RE: Latin ligatures and Unicode

From: Reynolds, Gregg (greynolds@datalogics.com)
Date: Wed Dec 22 1999 - 14:51:08 EST

Next message: John Cowan: "Re: Latin ligatures and Unicode"
Previous message: Doug Ewell: "Re: Where to Add new Currency Sign?"
Maybe in reply to: Eberhard Pehlemann: "Latin ligatures and Unicode"
Next in thread: John Cowan: "Re: Latin ligatures and Unicode"
Messages sorted by: [ date ] [ thread ] [ subject ] [ author ] [ attachment ]
Mail actions: [ respond to this message ] [ mail a new topic ]

> -----Original Message-----
> From: John Cowan [mailto:jcowan@reutershealth.com]
> Sent: Wednesday, December 22, 1999 11:44 AM
>
> "Reynolds, Gregg" wrote:
>
> > But with ZWNBSP, we have no semantics with respect to
> joining behavior, or
> > if we do it's well-hidden.
>
> ZWNBSP has no effect on joining behavior, correct. You were saying

Not "no effect", but "no semantics". "No semantics" means (to me) that in
practice implementers get to do as they please. If the standard says, as
Mark just noted in a message, that they are to be ignored for the purposes
of join analysis, then I stand corrected; but I haven't been able to find
anything (admittedly I'm looking at v. 2) that says this. Wouldn't be
surprised to find its in there somewhere, but I would like to know where.

> that kitAbuhA should be expressed as kitAbu+hA where + is some sort
> of word boundary that doesn't involve whitespace.

More precisely, that doesn't alter the normal joining behavior, i.e. is
purely semantic. (Sometimes the characters involved don't join, so
typographic whitespace would be involved.)

> ZWNBSP is precisely
> a word boundary that doesn't generate any whitespacem neither
> horizontal
> nor vertical. The b and h would remain joined, but word-boundary
> analysis would show two words here.

Well, sort of, but "word" isn't sufficient. You'd still want to be able to
distinguish between distinct lexemes packaged as a single lexigraphic word
and lexigraphic words - ordinarily whitespace delimited, but then again,
because Arabic encodes word boundaries in the letterforms themselves, one
could also remove SP word boundaries and use ZWSP (I think ;).
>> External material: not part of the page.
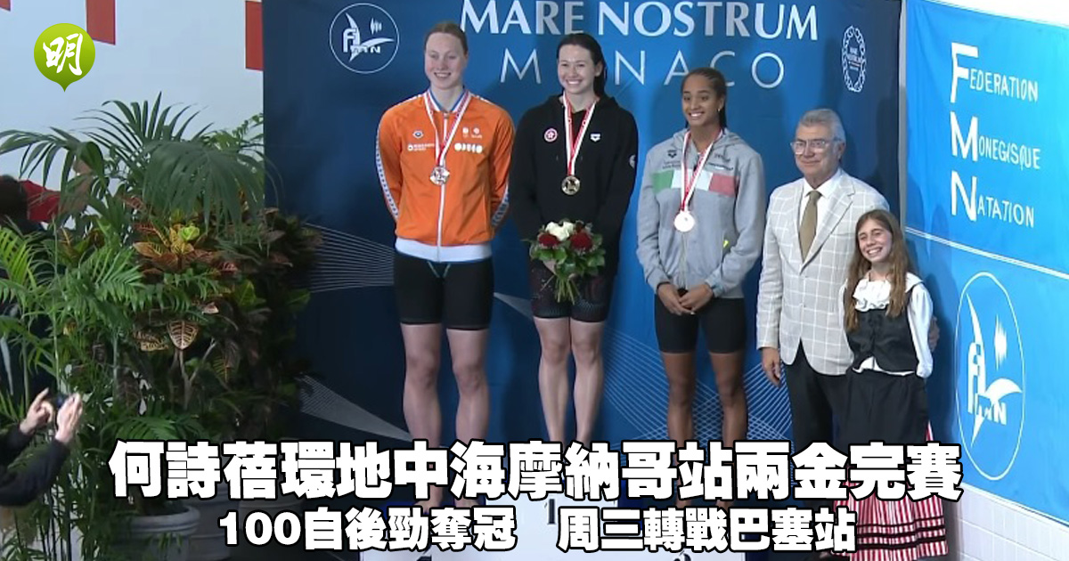「香港女飛魚」何詩蓓(Siobhan)今晨(19日)在環地中海系列賽摩納哥站再創佳績,於女子100米自由泳決賽憑後勁以53.58秒率先觸池,繼昨日200米自由泳後,在今站「復出戰」贏得兩面金牌。

In terms of
a user interface:

find-lexigraph-only("kitAbu+hum")

==> does not match e.g. "fa-kitAbu+hum"

find-lexeme("kAtibu")

                ==> matches "fa-kAtibu+hum", "kAtibu+hA", "al-kAtibu", etc
                ==> does not match "kAtibuwna"??? (no LEXDELIM after 'u')
                ==> does not match "makAtibu+hum" ???

The last one - makAtibu+hum - is an interesting case; "kAtibu" may or may
not be construed as a distinct lexeme in it, depending on how you look at
it, but the "ma-" prefix is a morpheme, definitely not an independently
meaningful lexeme. Still, decomposing such a form into its consituent root
(k,t,b) and theme (ma-prefix, internal shape) is utterly elementary for
anybody with a little Arabic. That's how it would be entered and looked up
in dictionaries, for example.

I'm not sure the ZW... stuff would provide sufficient nuance for this kind
of stuff, since you could use it both within and between "words".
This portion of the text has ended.